AGI - La Tunisie continue de s’affirmer comme l’un des principaux partenaires de l’Italie dans le cadre de la coopération euro-méditerranéenne. Quelques jours avant l’ouverture du Forum économique et entrepreneurial italo-tunisien prévu à Tunis, la région italienne de Calabre a annoncé le lancement d’un ambitieux projet de formation professionnelle et universitaire destiné à renforcer les liens entre les deux rives de la Méditerranée et à répondre aux besoins croissants du marché du travail.
Doté d’un budget supérieur à 7,4 millions d’euros et prévu pour une durée de trois ans, le programme, baptisé "Hub de formation en Tunisie – une coopération entre pairs", est financé par le ministère italien des Affaires étrangères à travers l’Agence italienne pour la coopération au développement (Aics), avec la participation de la Région Calabre et de plusieurs partenaires institutionnels.
Le projet prévoit la création d’une structure permanente dans le gouvernorat de Tunis, conçue comme une plateforme de coopération entre universités, centres de formation, entreprises et services de l’emploi. L’objectif est de développer les compétences professionnelles et académiques tout en facilitant l’insertion des jeunes dans le monde du travail. Plus de 3.100 bénéficiaires directs sont attendus, parmi lesquels des étudiants, des jeunes diplômés, des femmes, des formateurs et des professionnels du secteur éducatif tunisien. L’initiative vise à soutenir le développement socio-économique local tout en répondant à des besoins de plus en plus pressants du marché du travail italien, confronté à des pénuries de main-d’œuvre dans plusieurs secteurs clés.
Une stratégie méditerranéenne ambitieuse
"La Calabre considère la Méditerranée comme un espace d’opportunités et de développement", a déclaré le président de la Région, Roberto Occhiuto. Selon lui, ce nouvel hub constitue la première étape d’une stratégie plus large visant à renforcer les liens économiques et humains entre le sud de l’Italie et l’Afrique du Nord. Le gouverneur a également évoqué la possibilité de développer à l’avenir des dispositifs inspirés des centres italiens pour l’emploi directement en Tunisie, afin de favoriser des canal réguliers et qualifiés de mobilité professionnelle.
Deux axes de coopération prioritaires
Le programme s’articule autour de deux axes principaux. Le premier concerne la formation professionnelle dans des secteurs où la demande de travailleurs qualifiés demeure élevée, notamment le bâtiment, l’agriculture, l’agroalimentaire, le tourisme et l’hôtellerie. Le second vise à renforcer la coopération universitaire entre établissements tunisiens et calabrais dans des domaines tels que l’ingénierie, les sciences agroalimentaires, les professions de santé et la médiation linguistique.
Un partenariat en pleine évolution
Au-delà de la dimension éducative, l’initiative s’inscrit dans une évolution plus large des relations entre l’Italie et la Tunisie.

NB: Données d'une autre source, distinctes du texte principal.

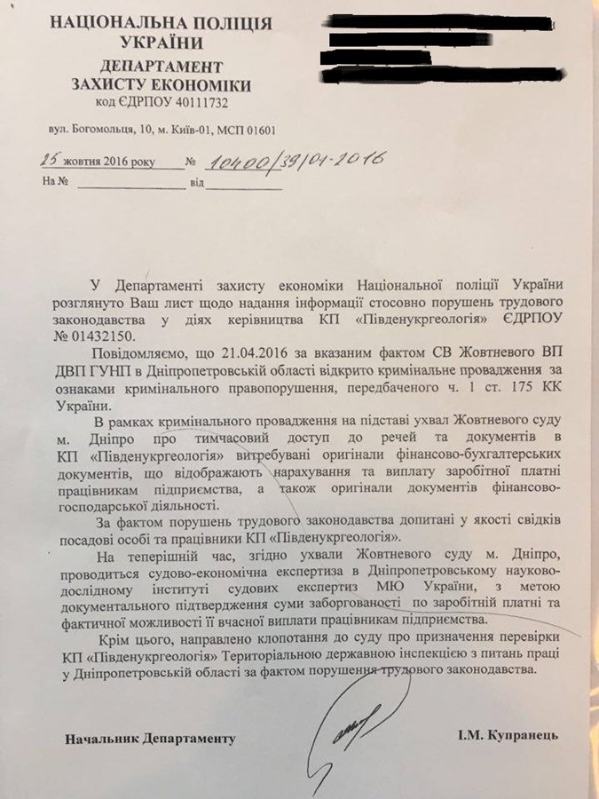 Жовтневим ВП ДВП ГУПН в Днепропетровской области осуществляется досудебное расследование в уголовном производстве №120160406500011716 от 21.04.2016 по признакам состава преступления, предусмотренного ч.1 ст.175 УК Украины. А это безосновательная невыплата заработной платы, содеянная преднамеренно.

Face aux défis démographiques et aux tensions sur certains segments du marché du travail européen, Rome cherche à promouvoir des mécanismes de mobilité fondés sur la formation, la qualification et l’adéquation entre l’offre et la demande d’emploi. La Tunisie apparaît aujourd’hui comme un partenaire privilégié de cette stratégie.
La proximité géographique, les liens économiques croissants et l’existence d’un important vivier de jeunes diplômés font du pays un acteur central des nouvelles politiques italiennes en Méditerranée. L’annonce intervient à la veille du Forum économique italo-tunisien qui le 24 et 25 juin réunira à Tunis responsables politiques, institutions et représentants du secteur privé des deux pays. La présence attendue du ministre italien des Affaires étrangères, Antonio Tajani, confirme l’importance accordée par Rome à un partenariat qui dépasse désormais les seuls échanges commerciaux pour s’étendre à la formation, à l’emploi et au développement du capital humain.